#### Problem statement
The goal is a clean copy of all the data below, with pictures dropped and everything else retyped exactly.

#### Recorded data
::::::::
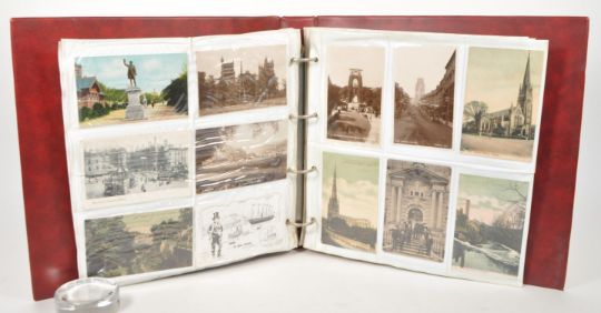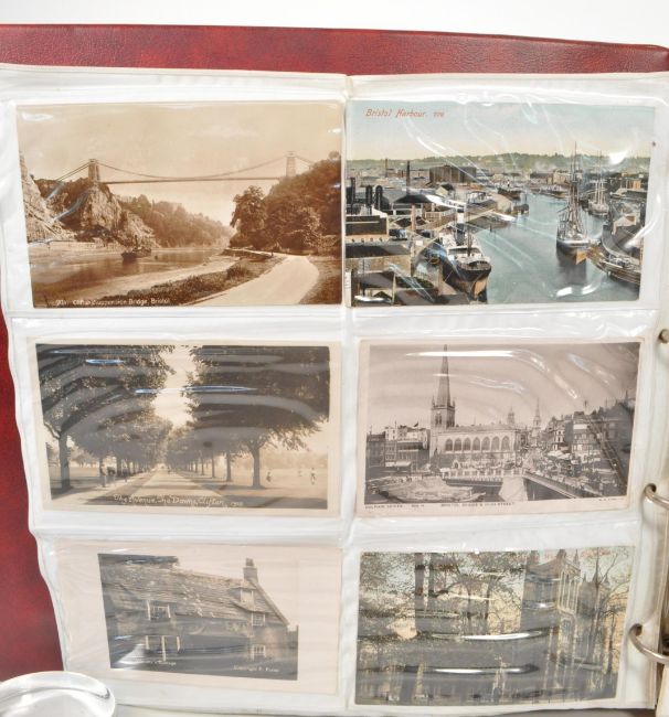 Collection of early 20th century Bristol related postcards. Including real photographs of locations such as the Clifton Suspension Bridge, The Avenue, The Downs, The Village in Weston In Gordano, Old Market Street and more. Approximately 78 postcards present. Housed within an album.
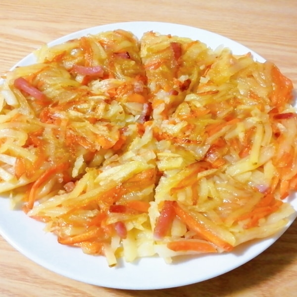 じゃがいもとにんじんのガレット 混ぜて焼くだけでめちゃ旨♪。
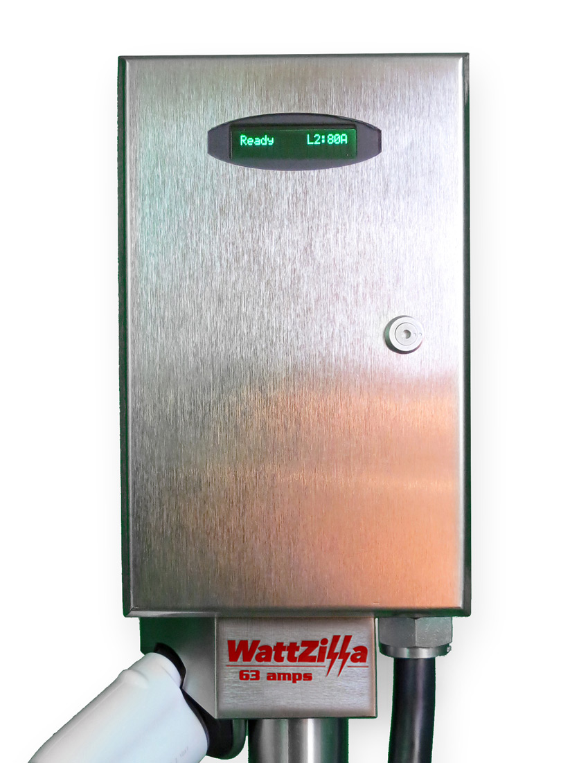The WattZilla® Euro-UNO is the world’s first 63AMP electric vehicle charging station capable of charging as much as 63AMPS, single or three three phase power. Housed in a beautiful, weather-proof IP66 stainless steel enclosure, the Euro-UNO can be wall or pole mounted for indoor or outdoor use.
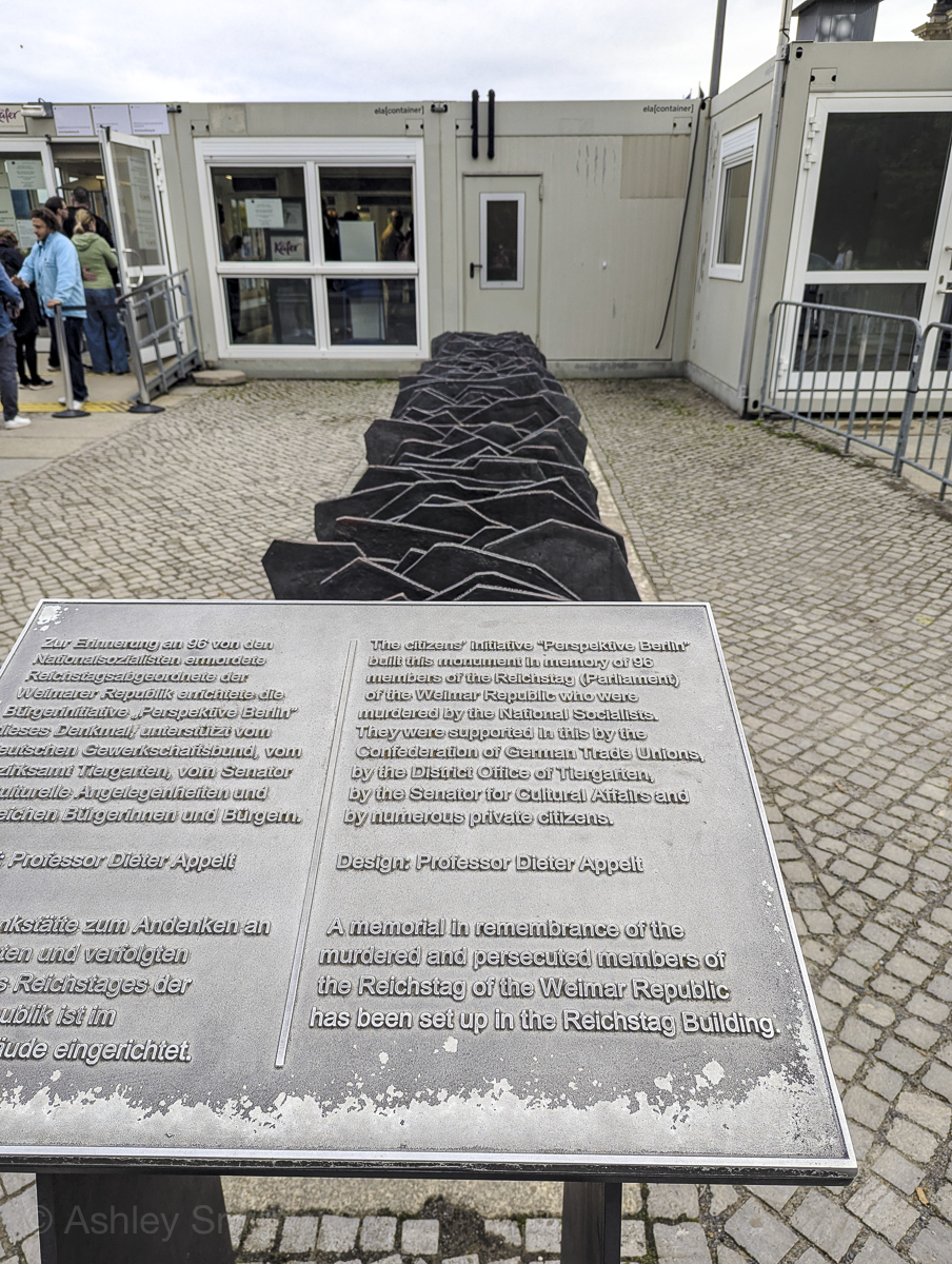 Outside the current visitor entrance to the Reichstag building, you’ll find the Memorial to the Murdered Members of the Reichstag in the form of 96 cast iron plates standing on end. Each one commemorates a member of the parliament who was murdered between 1933 and 1945. Each plate contains a name, birth and death date, and place of death.
::::::::
#### Task output
 Collection of early 20th century Bristol related postcards. Including real photographs of locations such as the Clifton Suspension Bridge, The Avenue, The Downs, The Village in Weston In Gordano, Old Market Street and more. Approximately 78 postcards present. Housed within an album.
 じゃがいもとにんじんのガレット 混ぜて焼くだけでめちゃ旨♪。
The WattZilla® Euro-UNO is the world’s first 63AMP electric vehicle charging station capable of charging as much as 63AMPS, single or three three phase power. Housed in a beautiful, weather-proof IP66 stainless steel enclosure, the Euro-UNO can be wall or pole mounted for indoor or outdoor use.
 Outside the current visitor entrance to the Reichstag building, you’ll find the Memorial to the Murdered Members of the Reichstag in the form of 96 cast iron plates standing on end. Each one commemorates a member of the parliament who was murdered between 1933 and 1945. Each plate contains a name, birth and death date, and place of death.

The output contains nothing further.